### Your assignment
A word-for-word copy of the records that follow is needed, with every picture omitted.

### Dataset records
——

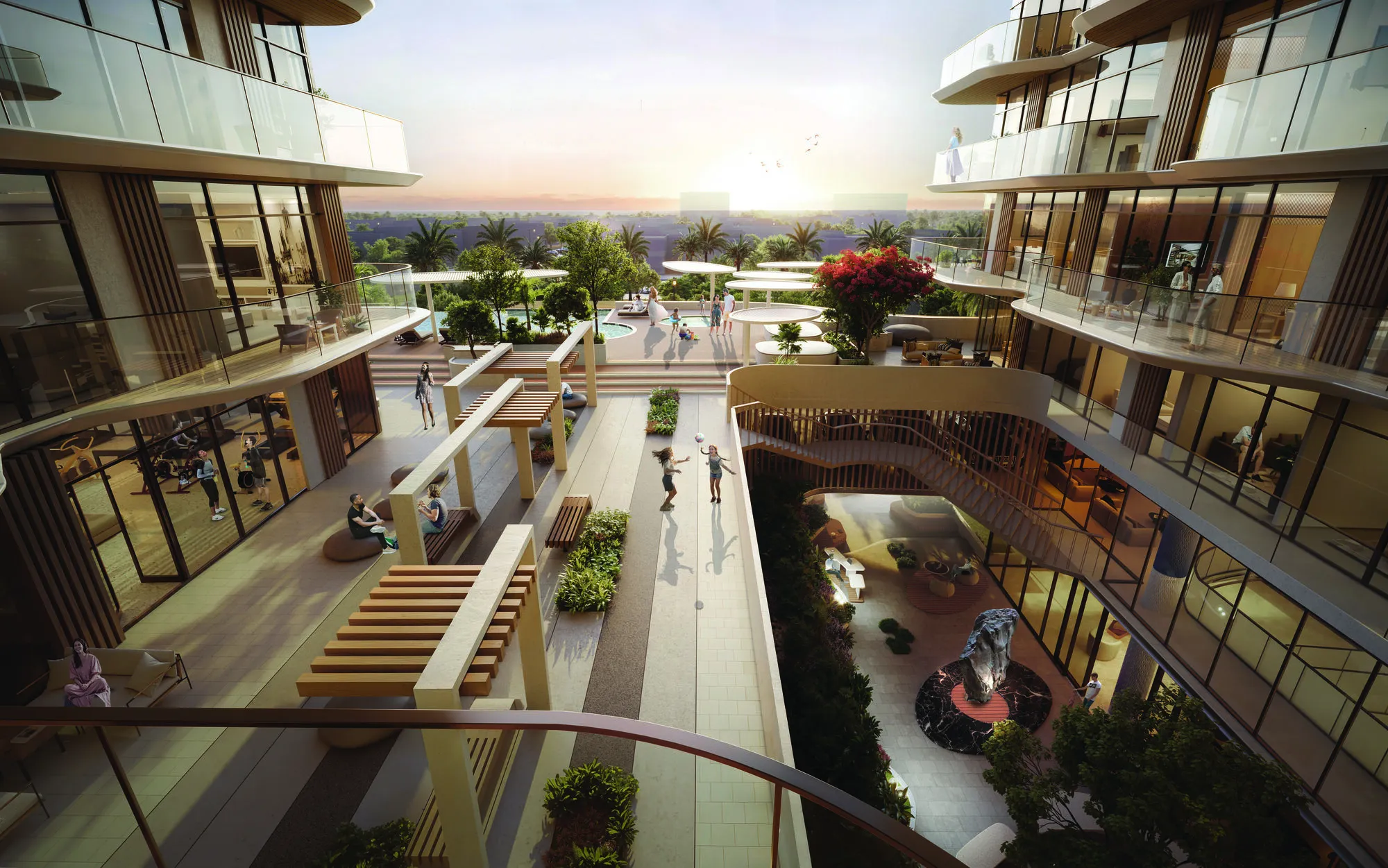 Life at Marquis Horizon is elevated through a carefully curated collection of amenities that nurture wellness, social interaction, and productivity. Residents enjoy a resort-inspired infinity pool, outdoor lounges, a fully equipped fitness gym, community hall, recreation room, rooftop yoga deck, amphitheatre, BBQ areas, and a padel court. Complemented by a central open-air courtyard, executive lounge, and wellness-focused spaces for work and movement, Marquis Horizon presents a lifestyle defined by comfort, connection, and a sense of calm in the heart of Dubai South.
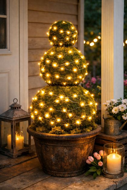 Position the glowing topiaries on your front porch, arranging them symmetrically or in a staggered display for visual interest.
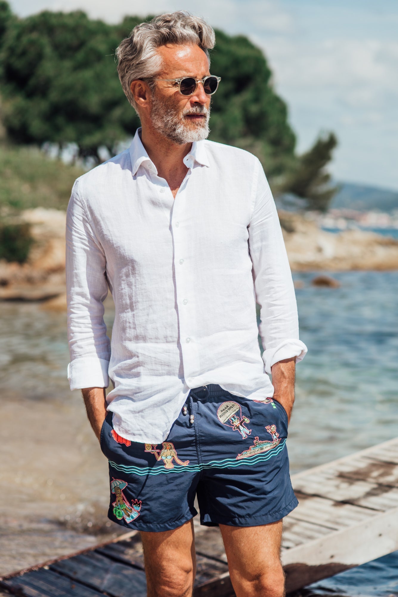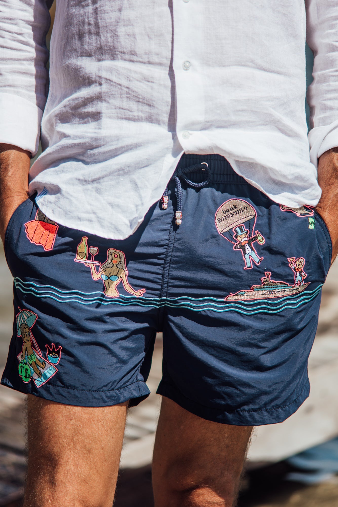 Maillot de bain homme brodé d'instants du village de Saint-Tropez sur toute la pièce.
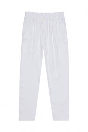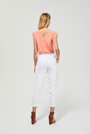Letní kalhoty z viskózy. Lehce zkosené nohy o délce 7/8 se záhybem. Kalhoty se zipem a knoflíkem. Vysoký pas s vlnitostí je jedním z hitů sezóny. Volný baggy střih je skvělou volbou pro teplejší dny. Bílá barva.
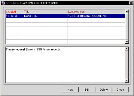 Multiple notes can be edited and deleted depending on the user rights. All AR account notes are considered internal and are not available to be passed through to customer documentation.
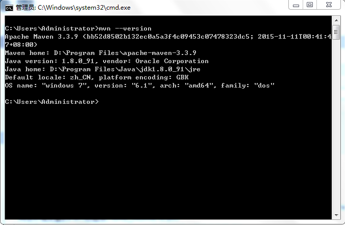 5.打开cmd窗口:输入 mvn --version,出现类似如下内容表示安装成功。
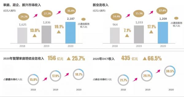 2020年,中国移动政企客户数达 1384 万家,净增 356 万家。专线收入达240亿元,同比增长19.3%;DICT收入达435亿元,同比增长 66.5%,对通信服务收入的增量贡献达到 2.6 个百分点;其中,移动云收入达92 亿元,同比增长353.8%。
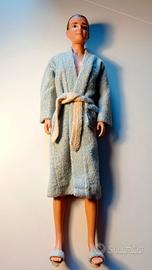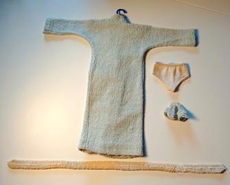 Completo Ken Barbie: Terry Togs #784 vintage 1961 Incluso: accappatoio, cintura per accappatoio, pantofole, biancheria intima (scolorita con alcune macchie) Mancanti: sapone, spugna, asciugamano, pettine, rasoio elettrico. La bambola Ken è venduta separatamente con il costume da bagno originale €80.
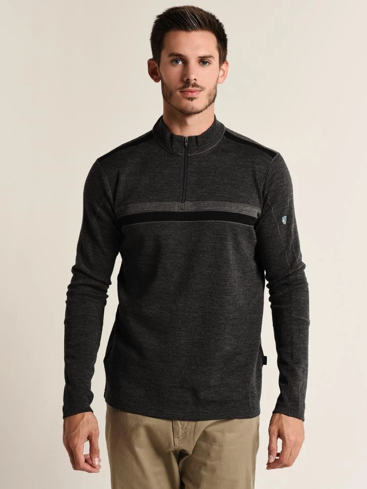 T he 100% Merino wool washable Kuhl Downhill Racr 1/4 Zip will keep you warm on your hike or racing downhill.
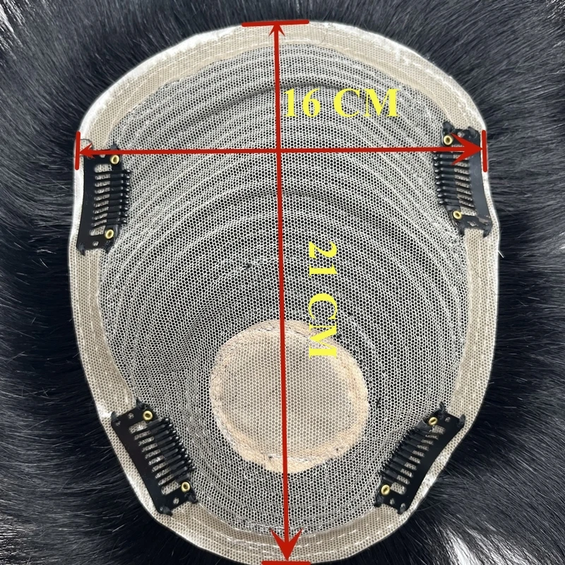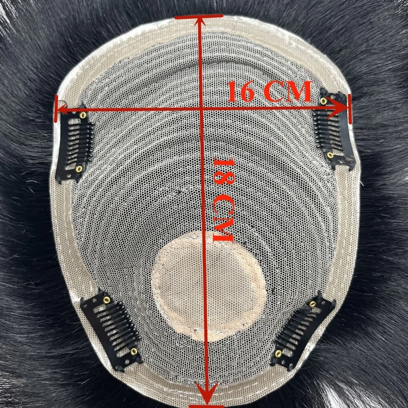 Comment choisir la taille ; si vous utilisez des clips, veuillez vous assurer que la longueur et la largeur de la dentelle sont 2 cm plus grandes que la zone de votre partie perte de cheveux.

——

### Solution
 Life at Marquis Horizon is elevated through a carefully curated collection of amenities that nurture wellness, social interaction, and productivity. Residents enjoy a resort-inspired infinity pool, outdoor lounges, a fully equipped fitness gym, community hall, recreation room, rooftop yoga deck, amphitheatre, BBQ areas, and a padel court. Complemented by a central open-air courtyard, executive lounge, and wellness-focused spaces for work and movement, Marquis Horizon presents a lifestyle defined by comfort, connection, and a sense of calm in the heart of Dubai South.
 Position the glowing topiaries on your front porch, arranging them symmetrically or in a staggered display for visual interest.
 Maillot de bain homme brodé d'instants du village de Saint-Tropez sur toute la pièce.
Letní kalhoty z viskózy. Lehce zkosené nohy o délce 7/8 se záhybem. Kalhoty se zipem a knoflíkem. Vysoký pas s vlnitostí je jedním z hitů sezóny. Volný baggy střih je skvělou volbou pro teplejší dny. Bílá barva.
 Multiple notes can be edited and deleted depending on the user rights. All AR account notes are considered internal and are not available to be passed through to customer documentation.
 5.打开cmd窗口:输入 mvn --version,出现类似如下内容表示安装成功。
 2020年,中国移动政企客户数达 1384 万家,净增 356 万家。专线收入达240亿元,同比增长19.3%;DICT收入达435亿元,同比增长 66.5%,对通信服务收入的增量贡献达到 2.6 个百分点;其中,移动云收入达92 亿元,同比增长353.8%。
 Completo Ken Barbie: Terry Togs #784 vintage 1961 Incluso: accappatoio, cintura per accappatoio, pantofole, biancheria intima (scolorita con alcune macchie) Mancanti: sapone, spugna, asciugamano, pettine, rasoio elettrico. La bambola Ken è venduta separatamente con il costume da bagno originale €80.
 T he 100% Merino wool washable Kuhl Downhill Racr 1/4 Zip will keep you warm on your hike or racing downhill.
 Comment choisir la taille ; si vous utilisez des clips, veuillez vous assurer que la longueur et la largeur de la dentelle sont 2 cm plus grandes que la zone de votre partie perte de cheveux.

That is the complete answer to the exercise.